Work order ->
Using the material below, return exactly the lines between the one holding "GUSKI light luxury" and the one holding "a ergonomické sezení.", inclusive, and no others.

Dataset entries ->
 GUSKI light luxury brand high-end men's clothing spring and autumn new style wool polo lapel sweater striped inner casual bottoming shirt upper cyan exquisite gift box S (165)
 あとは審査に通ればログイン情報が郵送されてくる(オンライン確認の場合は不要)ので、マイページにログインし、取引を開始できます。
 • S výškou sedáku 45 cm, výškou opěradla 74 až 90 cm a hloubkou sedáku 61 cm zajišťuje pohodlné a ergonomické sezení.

---

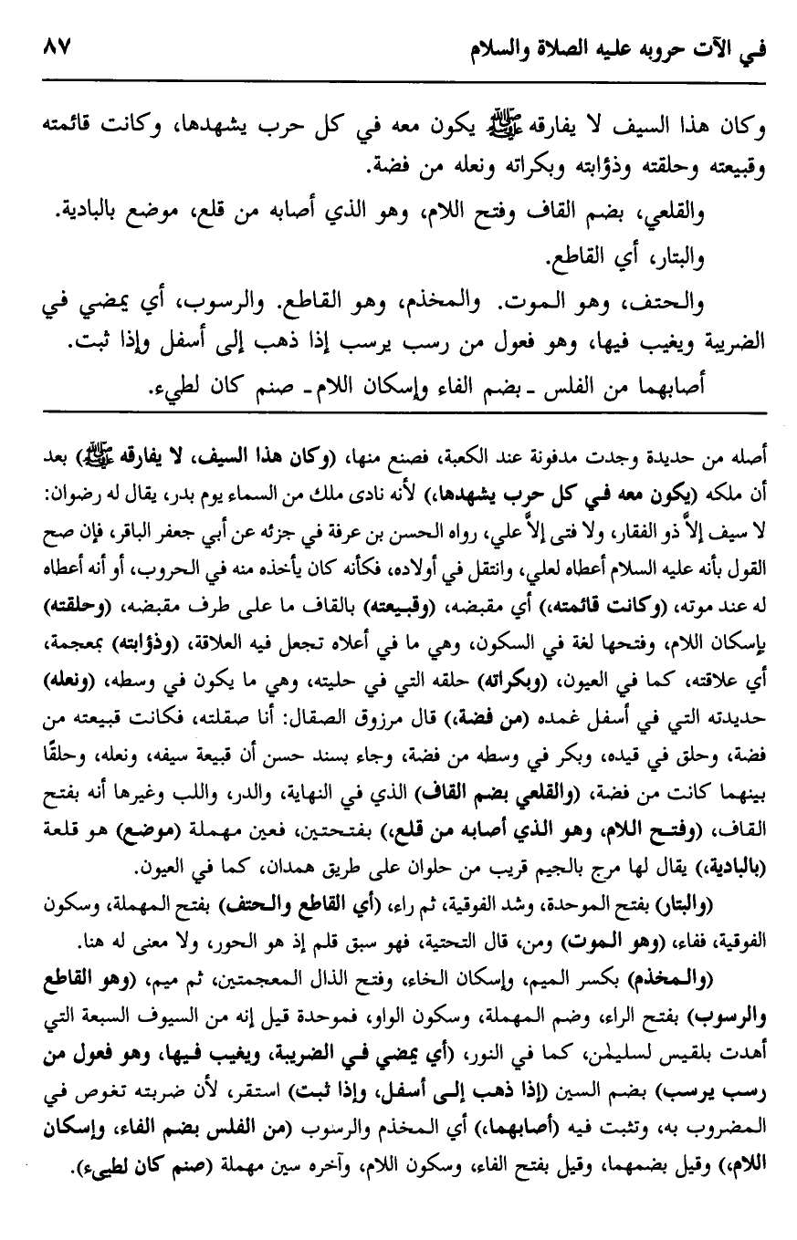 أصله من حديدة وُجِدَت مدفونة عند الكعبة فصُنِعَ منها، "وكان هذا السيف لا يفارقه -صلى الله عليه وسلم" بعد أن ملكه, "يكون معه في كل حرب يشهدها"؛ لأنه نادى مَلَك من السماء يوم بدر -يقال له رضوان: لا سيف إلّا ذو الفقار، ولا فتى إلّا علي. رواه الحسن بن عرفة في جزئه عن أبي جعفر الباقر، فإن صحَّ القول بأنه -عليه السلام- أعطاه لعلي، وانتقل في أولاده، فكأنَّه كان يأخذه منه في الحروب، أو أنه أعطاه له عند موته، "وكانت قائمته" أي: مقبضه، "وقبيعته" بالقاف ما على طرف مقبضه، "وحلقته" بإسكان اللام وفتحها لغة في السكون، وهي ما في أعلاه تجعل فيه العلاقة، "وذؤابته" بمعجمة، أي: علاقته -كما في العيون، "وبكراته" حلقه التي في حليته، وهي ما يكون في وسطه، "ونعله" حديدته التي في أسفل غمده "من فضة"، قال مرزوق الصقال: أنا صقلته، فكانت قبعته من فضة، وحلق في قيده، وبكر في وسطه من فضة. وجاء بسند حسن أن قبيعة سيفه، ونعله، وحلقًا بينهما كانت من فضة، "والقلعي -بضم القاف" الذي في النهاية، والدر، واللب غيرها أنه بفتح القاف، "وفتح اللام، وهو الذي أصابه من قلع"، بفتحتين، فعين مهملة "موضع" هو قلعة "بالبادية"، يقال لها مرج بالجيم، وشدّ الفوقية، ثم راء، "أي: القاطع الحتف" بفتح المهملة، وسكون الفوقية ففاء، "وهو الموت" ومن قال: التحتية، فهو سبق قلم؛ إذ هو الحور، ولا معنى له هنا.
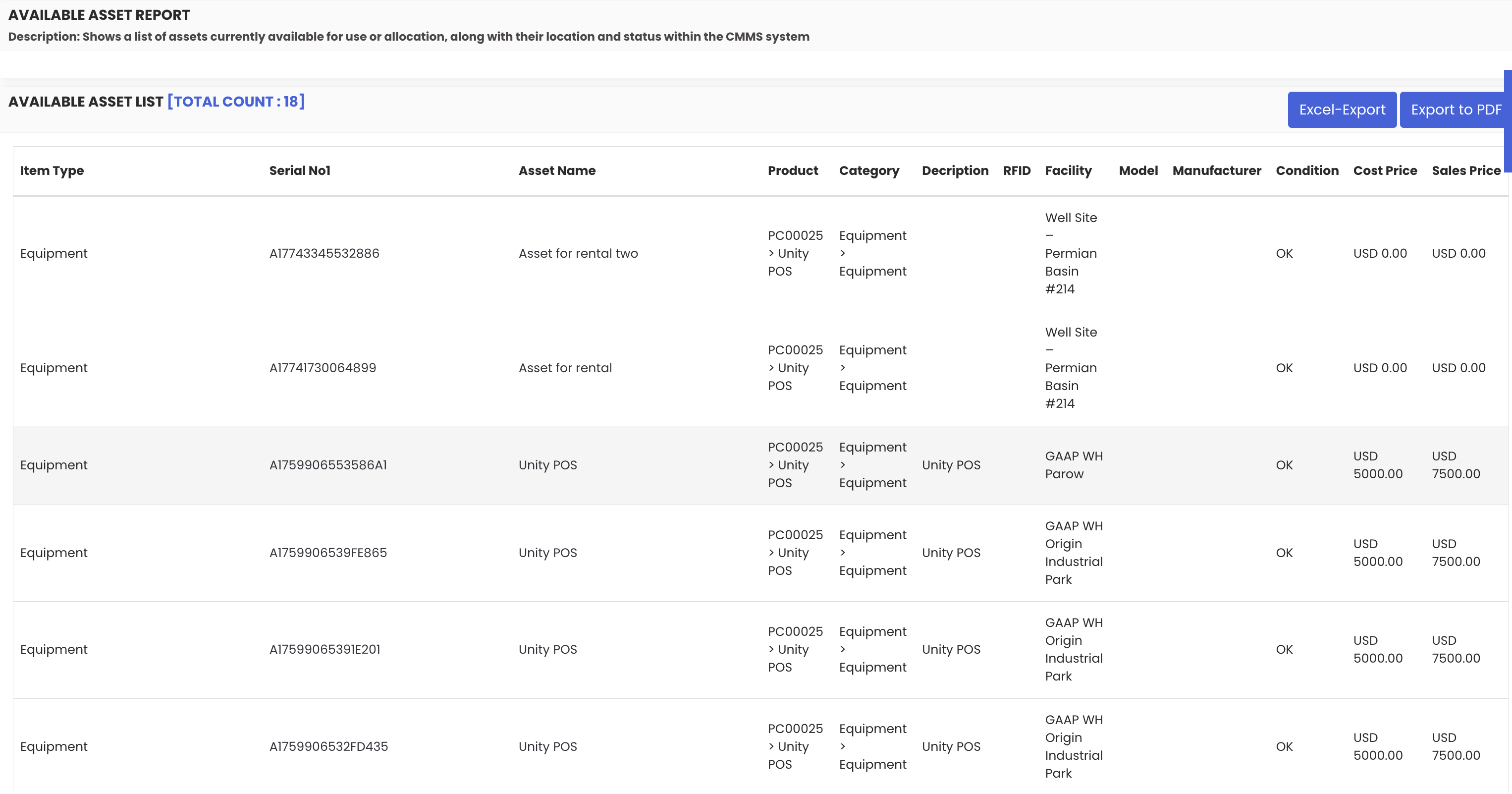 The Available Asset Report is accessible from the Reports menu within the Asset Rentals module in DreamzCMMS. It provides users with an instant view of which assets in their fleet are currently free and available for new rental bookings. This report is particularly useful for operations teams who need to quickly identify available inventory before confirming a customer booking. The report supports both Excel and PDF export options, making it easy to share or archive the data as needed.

Response area ->
 GUSKI light luxury brand high-end men's clothing spring and autumn new style wool polo lapel sweater striped inner casual bottoming shirt upper cyan exquisite gift box S (165)
 あとは審査に通ればログイン情報が郵送されてくる(オンライン確認の場合は不要)ので、マイページにログインし、取引を開始できます。
 • S výškou sedáku 45 cm, výškou opěradla 74 až 90 cm a hloubkou sedáku 61 cm zajišťuje pohodlné a ergonomické sezení.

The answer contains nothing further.